#### Exercise prompt:
Below are some entries. Repeat exactly the lines from the one with "Caractéristique de la" through the one with "Vendesi Cuccioli di", and only those.

╭─ Supplied data

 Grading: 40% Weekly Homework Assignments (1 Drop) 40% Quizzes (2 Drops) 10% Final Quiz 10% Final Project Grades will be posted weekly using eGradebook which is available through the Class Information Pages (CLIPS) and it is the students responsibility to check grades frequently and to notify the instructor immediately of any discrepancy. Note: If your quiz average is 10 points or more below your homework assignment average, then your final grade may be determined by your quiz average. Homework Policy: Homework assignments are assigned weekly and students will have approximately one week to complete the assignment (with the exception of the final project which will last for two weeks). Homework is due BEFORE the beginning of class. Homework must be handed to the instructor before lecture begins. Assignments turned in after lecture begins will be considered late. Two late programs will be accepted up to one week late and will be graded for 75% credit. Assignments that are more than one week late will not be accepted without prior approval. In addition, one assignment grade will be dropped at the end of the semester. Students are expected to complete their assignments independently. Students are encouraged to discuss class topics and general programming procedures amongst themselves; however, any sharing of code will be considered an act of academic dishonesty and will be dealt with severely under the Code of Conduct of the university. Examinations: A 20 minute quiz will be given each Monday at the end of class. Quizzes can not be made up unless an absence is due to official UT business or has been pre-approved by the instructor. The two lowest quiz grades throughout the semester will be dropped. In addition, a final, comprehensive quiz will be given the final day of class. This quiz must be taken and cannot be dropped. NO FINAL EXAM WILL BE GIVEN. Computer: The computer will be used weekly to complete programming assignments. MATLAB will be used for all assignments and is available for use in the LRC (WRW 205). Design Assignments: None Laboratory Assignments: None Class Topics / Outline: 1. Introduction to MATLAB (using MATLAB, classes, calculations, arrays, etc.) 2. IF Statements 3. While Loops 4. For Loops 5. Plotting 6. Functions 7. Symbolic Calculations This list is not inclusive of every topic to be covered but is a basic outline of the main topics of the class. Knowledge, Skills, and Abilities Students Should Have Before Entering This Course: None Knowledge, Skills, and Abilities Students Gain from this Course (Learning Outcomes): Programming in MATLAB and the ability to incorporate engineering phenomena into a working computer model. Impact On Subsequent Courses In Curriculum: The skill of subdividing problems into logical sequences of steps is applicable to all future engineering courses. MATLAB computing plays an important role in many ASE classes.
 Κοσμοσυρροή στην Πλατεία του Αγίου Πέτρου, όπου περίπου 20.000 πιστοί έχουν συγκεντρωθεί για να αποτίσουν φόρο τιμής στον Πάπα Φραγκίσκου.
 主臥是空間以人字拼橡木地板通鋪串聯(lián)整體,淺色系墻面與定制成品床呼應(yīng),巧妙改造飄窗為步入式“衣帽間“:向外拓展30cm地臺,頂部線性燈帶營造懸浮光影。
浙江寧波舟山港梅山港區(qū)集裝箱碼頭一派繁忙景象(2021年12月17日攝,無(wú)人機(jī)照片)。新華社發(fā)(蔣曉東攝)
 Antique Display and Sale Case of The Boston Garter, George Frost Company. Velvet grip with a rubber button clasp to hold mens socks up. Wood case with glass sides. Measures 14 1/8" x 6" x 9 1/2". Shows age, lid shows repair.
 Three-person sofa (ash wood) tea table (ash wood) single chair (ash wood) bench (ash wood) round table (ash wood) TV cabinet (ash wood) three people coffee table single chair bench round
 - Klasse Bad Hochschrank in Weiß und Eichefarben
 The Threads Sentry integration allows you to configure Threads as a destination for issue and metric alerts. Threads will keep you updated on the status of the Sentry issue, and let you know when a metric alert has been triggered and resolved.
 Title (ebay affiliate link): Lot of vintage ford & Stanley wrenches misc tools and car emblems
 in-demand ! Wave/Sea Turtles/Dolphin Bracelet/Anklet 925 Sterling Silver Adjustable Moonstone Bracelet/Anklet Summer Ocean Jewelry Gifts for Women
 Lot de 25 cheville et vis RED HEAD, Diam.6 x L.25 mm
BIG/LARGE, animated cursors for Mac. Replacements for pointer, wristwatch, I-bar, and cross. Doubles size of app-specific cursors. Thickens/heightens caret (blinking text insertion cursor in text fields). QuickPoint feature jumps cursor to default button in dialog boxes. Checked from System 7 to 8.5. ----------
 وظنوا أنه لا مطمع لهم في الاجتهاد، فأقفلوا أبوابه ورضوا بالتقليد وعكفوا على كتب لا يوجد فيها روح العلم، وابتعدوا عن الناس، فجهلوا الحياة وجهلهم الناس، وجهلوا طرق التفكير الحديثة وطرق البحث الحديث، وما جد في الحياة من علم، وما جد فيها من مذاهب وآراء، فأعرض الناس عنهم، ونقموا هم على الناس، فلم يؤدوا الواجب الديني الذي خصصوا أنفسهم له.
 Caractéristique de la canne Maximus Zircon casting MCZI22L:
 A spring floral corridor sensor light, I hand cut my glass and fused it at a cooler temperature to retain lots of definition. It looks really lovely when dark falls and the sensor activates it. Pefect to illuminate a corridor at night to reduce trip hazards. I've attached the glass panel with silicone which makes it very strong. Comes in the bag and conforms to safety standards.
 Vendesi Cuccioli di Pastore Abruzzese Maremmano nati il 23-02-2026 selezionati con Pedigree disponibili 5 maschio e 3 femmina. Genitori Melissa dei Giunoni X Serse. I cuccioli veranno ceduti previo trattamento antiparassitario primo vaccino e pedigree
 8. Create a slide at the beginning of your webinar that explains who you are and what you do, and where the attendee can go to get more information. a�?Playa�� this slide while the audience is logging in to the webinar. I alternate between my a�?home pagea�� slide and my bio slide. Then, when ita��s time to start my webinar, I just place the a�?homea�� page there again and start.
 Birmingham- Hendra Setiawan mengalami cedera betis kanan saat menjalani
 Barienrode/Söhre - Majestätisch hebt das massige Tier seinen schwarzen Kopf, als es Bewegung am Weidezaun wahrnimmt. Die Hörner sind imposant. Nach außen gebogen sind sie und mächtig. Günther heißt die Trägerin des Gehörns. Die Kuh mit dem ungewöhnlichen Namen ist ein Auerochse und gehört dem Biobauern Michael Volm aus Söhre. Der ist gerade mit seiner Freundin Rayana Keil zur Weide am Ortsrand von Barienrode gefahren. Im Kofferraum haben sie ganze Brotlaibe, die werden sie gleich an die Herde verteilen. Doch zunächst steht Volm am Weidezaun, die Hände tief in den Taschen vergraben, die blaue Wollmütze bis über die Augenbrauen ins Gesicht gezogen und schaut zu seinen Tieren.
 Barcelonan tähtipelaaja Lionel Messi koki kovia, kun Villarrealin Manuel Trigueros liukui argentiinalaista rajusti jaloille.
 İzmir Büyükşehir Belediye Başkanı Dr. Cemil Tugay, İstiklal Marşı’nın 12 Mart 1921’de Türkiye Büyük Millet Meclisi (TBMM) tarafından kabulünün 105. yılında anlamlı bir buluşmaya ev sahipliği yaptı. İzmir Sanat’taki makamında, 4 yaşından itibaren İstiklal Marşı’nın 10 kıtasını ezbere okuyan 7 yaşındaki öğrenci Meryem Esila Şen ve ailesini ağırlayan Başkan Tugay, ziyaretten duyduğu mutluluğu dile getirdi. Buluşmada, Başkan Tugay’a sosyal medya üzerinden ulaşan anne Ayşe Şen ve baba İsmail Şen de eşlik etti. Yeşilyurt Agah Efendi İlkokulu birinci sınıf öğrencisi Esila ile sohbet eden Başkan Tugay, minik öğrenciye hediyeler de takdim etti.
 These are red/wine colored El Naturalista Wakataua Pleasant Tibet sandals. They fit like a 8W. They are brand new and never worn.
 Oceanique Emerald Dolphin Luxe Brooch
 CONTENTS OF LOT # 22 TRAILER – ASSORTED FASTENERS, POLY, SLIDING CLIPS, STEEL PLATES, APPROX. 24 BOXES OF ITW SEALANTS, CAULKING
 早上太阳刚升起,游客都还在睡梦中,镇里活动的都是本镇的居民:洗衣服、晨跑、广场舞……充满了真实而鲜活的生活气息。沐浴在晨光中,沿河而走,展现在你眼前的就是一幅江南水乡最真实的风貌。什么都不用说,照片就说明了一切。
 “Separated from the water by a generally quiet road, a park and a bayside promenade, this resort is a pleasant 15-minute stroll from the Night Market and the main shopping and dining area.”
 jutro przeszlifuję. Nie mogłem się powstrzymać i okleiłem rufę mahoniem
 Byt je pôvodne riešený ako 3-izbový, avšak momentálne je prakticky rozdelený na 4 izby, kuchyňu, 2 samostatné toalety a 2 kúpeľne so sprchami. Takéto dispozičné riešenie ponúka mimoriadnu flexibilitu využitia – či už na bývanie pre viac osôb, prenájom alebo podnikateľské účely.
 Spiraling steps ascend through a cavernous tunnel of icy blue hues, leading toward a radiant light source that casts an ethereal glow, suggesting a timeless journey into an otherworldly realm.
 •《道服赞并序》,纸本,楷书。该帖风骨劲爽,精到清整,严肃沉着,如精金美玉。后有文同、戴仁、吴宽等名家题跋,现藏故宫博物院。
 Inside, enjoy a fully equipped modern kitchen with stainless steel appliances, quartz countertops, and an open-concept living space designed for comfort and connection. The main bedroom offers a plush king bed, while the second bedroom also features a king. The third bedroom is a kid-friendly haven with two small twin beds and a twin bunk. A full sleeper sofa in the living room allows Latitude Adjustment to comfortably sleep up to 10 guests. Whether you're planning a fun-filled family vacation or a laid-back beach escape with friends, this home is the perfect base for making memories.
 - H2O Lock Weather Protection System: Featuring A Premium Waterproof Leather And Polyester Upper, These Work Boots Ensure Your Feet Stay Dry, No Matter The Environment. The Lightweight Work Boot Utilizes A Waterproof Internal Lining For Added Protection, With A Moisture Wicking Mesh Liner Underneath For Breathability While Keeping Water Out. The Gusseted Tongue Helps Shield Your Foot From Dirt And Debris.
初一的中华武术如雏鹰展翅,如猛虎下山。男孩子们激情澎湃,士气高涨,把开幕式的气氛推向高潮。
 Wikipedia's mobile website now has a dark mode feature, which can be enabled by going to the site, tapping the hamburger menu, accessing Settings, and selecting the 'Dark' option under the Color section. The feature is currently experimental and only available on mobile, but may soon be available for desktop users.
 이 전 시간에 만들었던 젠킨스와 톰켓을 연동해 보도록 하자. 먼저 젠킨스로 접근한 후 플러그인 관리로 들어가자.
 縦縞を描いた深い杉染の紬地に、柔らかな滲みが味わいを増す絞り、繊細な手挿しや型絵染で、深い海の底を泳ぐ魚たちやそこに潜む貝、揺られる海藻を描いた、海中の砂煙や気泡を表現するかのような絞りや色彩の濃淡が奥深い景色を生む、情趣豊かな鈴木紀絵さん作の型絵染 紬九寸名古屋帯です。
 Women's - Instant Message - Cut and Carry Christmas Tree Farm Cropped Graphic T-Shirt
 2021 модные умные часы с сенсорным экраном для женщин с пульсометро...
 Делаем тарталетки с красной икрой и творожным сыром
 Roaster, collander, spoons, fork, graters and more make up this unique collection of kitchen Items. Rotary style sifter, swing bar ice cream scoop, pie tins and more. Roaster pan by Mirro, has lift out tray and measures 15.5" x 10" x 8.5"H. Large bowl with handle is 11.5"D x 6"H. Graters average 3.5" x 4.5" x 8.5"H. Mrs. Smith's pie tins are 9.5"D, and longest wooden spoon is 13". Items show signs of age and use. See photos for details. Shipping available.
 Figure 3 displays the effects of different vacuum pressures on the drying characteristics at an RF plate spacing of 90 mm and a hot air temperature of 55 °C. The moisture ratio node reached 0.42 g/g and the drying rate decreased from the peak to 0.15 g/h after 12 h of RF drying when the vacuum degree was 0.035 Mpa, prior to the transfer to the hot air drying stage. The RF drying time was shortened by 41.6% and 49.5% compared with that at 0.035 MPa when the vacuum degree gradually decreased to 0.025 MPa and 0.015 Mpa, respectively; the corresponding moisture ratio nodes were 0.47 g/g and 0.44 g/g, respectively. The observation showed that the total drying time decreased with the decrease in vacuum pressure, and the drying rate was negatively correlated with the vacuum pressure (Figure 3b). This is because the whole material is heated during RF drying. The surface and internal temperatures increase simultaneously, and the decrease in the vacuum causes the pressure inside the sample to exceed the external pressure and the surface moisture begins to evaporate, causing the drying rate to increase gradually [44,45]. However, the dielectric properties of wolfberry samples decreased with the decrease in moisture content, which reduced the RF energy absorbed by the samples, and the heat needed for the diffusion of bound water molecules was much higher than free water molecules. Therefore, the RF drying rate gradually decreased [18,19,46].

╰─

#### Reply:
 Caractéristique de la canne Maximus Zircon casting MCZI22L:
 A spring floral corridor sensor light, I hand cut my glass and fused it at a cooler temperature to retain lots of definition. It looks really lovely when dark falls and the sensor activates it. Pefect to illuminate a corridor at night to reduce trip hazards. I've attached the glass panel with silicone which makes it very strong. Comes in the bag and conforms to safety standards.
 Vendesi Cuccioli di Pastore Abruzzese Maremmano nati il 23-02-2026 selezionati con Pedigree disponibili 5 maschio e 3 femmina. Genitori Melissa dei Giunoni X Serse. I cuccioli veranno ceduti previo trattamento antiparassitario primo vaccino e pedigree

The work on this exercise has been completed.